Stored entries

=====

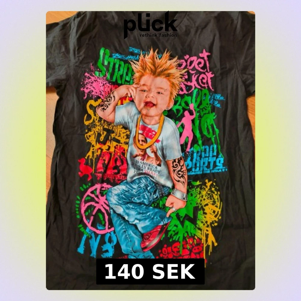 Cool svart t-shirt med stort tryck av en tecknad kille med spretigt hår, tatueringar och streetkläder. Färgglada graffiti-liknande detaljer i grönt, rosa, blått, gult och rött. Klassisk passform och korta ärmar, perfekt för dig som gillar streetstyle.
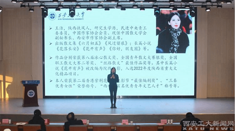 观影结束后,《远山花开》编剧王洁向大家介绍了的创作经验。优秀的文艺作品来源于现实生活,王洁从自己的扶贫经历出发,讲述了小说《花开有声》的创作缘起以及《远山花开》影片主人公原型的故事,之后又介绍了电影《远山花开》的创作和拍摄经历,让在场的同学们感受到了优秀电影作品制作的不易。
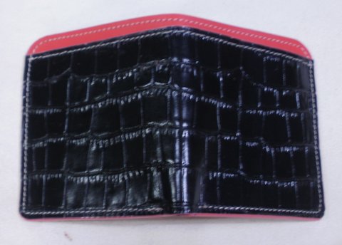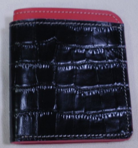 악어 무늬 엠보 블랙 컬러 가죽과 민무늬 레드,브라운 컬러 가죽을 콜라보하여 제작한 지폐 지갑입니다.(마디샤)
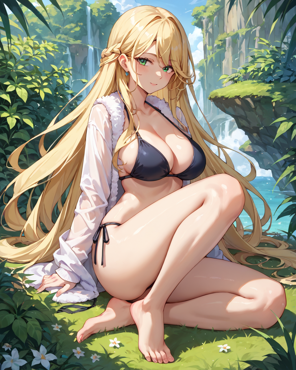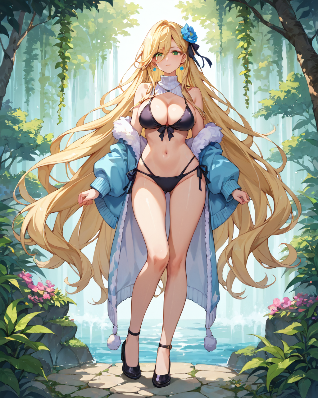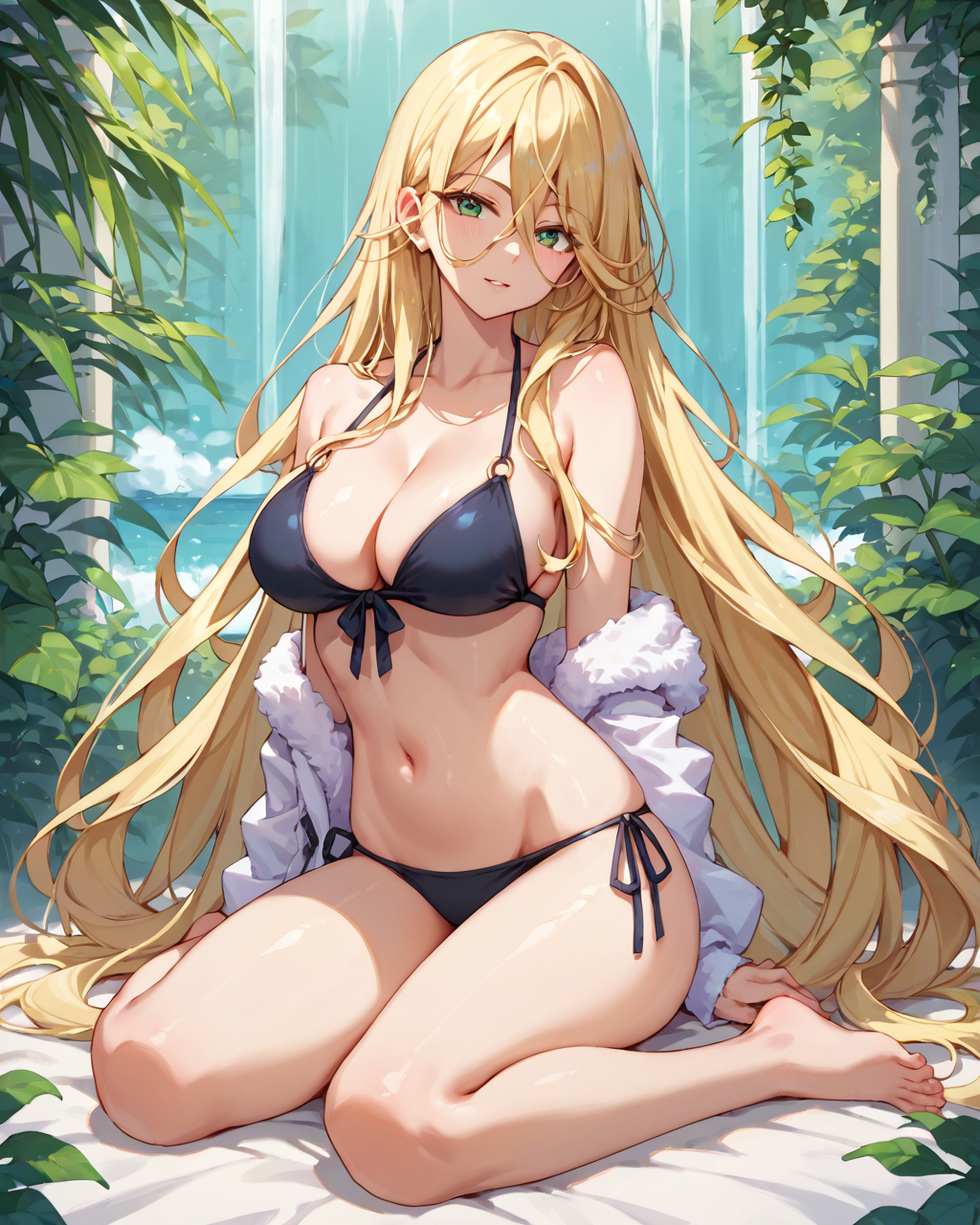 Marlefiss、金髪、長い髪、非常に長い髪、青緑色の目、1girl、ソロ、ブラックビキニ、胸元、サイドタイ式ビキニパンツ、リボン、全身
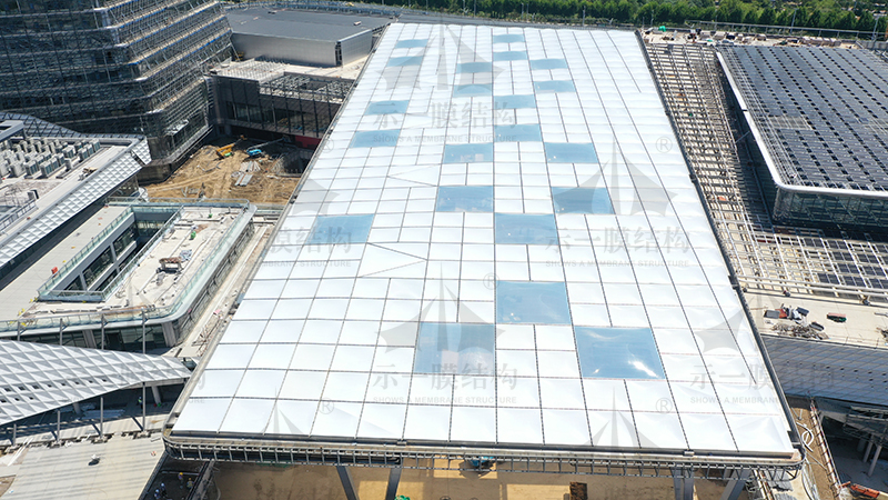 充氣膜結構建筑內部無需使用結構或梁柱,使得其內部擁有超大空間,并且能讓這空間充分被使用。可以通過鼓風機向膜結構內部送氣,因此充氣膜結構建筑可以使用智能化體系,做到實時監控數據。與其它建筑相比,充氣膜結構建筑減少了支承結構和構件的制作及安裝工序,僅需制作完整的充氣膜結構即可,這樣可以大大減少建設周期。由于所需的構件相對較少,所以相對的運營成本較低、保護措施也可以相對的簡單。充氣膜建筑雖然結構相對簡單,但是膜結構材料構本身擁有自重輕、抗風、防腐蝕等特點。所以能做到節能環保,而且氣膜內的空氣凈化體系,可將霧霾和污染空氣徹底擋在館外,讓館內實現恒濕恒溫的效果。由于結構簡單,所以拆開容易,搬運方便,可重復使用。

=====

WORK ITEM: From the line containing "악어 무늬 엠보 블랙" down to the last line of the entries above, set down every line exactly. Omit all pictures.

OUTPUT OF THE TASK:
 악어 무늬 엠보 블랙 컬러 가죽과 민무늬 레드,브라운 컬러 가죽을 콜라보하여 제작한 지폐 지갑입니다.(마디샤)
 Marlefiss、金髪、長い髪、非常に長い髪、青緑色の目、1girl、ソロ、ブラックビキニ、胸元、サイドタイ式ビキニパンツ、リボン、全身
 充氣膜結構建筑內部無需使用結構或梁柱,使得其內部擁有超大空間,并且能讓這空間充分被使用。可以通過鼓風機向膜結構內部送氣,因此充氣膜結構建筑可以使用智能化體系,做到實時監控數據。與其它建筑相比,充氣膜結構建筑減少了支承結構和構件的制作及安裝工序,僅需制作完整的充氣膜結構即可,這樣可以大大減少建設周期。由于所需的構件相對較少,所以相對的運營成本較低、保護措施也可以相對的簡單。充氣膜建筑雖然結構相對簡單,但是膜結構材料構本身擁有自重輕、抗風、防腐蝕等特點。所以能做到節能環保,而且氣膜內的空氣凈化體系,可將霧霾和污染空氣徹底擋在館外,讓館內實現恒濕恒溫的效果。由于結構簡單,所以拆開容易,搬運方便,可重復使用。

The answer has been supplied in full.